A recent survey has uncovered a concerning trend among cryptocurrency hedge funds over the past three years, with about 75% facing banking service challenges.
Banking Issues in the Crypto Sector
A survey conducted by the Alternative Investment Management Association (AIMA) highlights that out of 160 crypto-focused hedge funds, about 120 have faced difficulties with banking services, representing approximately 75% of respondents. Issues included vague communications and account closures without clear reasons. Financial institutions often cited reluctance to engage with the volatility of the crypto market. Meanwhile, a sampling of 20 alternative investors in sectors like real estate showed no such difficulties, suggesting crypto-specific issues.

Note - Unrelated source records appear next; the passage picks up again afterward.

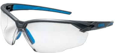
uvex suXXeed clear, anthracite/blue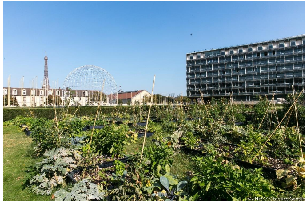
Come and visit the vegetable garden of UNESCO Headquarters, located on the Piazza

Reducing heating by just one degree - for example 20°C instead of 21°C - can save about 7% in energy consumption. (ADEME 2020).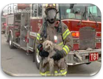
A dog was rescued by firefighters in Orange County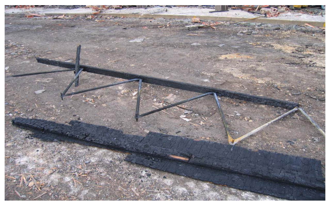
Figure 4. Remains of truss

The building had a dropped ceiling, without fire separation between compartments to prevent heat and smoke spread. The exposed roof system was a pin-connected open web truss of tubular webbing and solid steel pins secured in unprotected two-inch by four-inch (2 \times 4) wood chords. There were no indications that fire retardant or insulation was used on any of the exposed wood surfaces of the truss system or the roof decking. (See Figure 4.)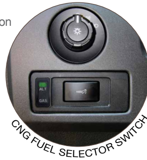
CNG FUEL SELECTOR SWITCH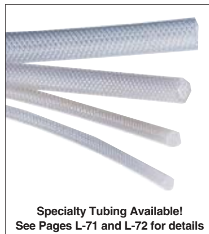
Specialty Tubing Available! See Pages L-71 and L-72 for details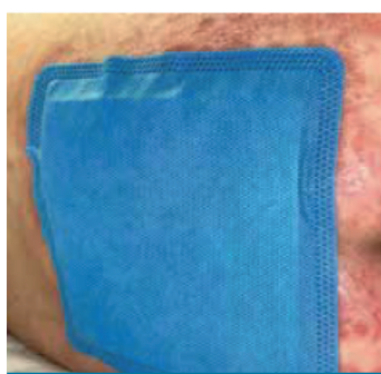
Fig 2. Application of ConvaMax™ Superabsorber dressing in combination with hyghtec® stool drain to prevent undermining by thin stool.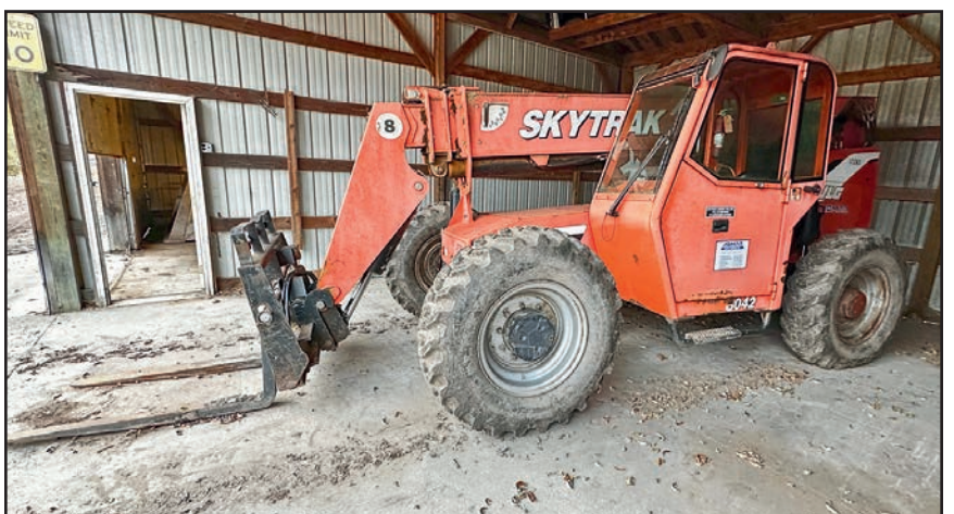
SKYTRAK 8042 TELEHANDLER

Reaction from Crypto Executives
Coinbase’s Chief Legal Officer, Paul Grewal, described the situation as systemic discrimination, questioning the deliberate exclusion of crypto entities from banking services not faced by other sectors. Matt Hougan, Chief Investment Officer at Bitwise, noted progress in openly discussing these issues.
Optimism on the Crypto Horizon
Industry experts foresee changes in the crypto market with President-elect Donald Trump's administration beginning January 20, 2025. Optimism arises from Trump’s appointments. Paul Atkins, a pro-crypto figure, is set to chair the SEC, and David Sacks has indicated the need to examine restrictive banking practices in the crypto sector. The Digital Chambers Token Alliance has urged the SEC to review ongoing lawsuits and investigations.
The upcoming changes in the U.S. administration may shift the dynamics between the crypto industry and banking sector, creating optimism among industry players.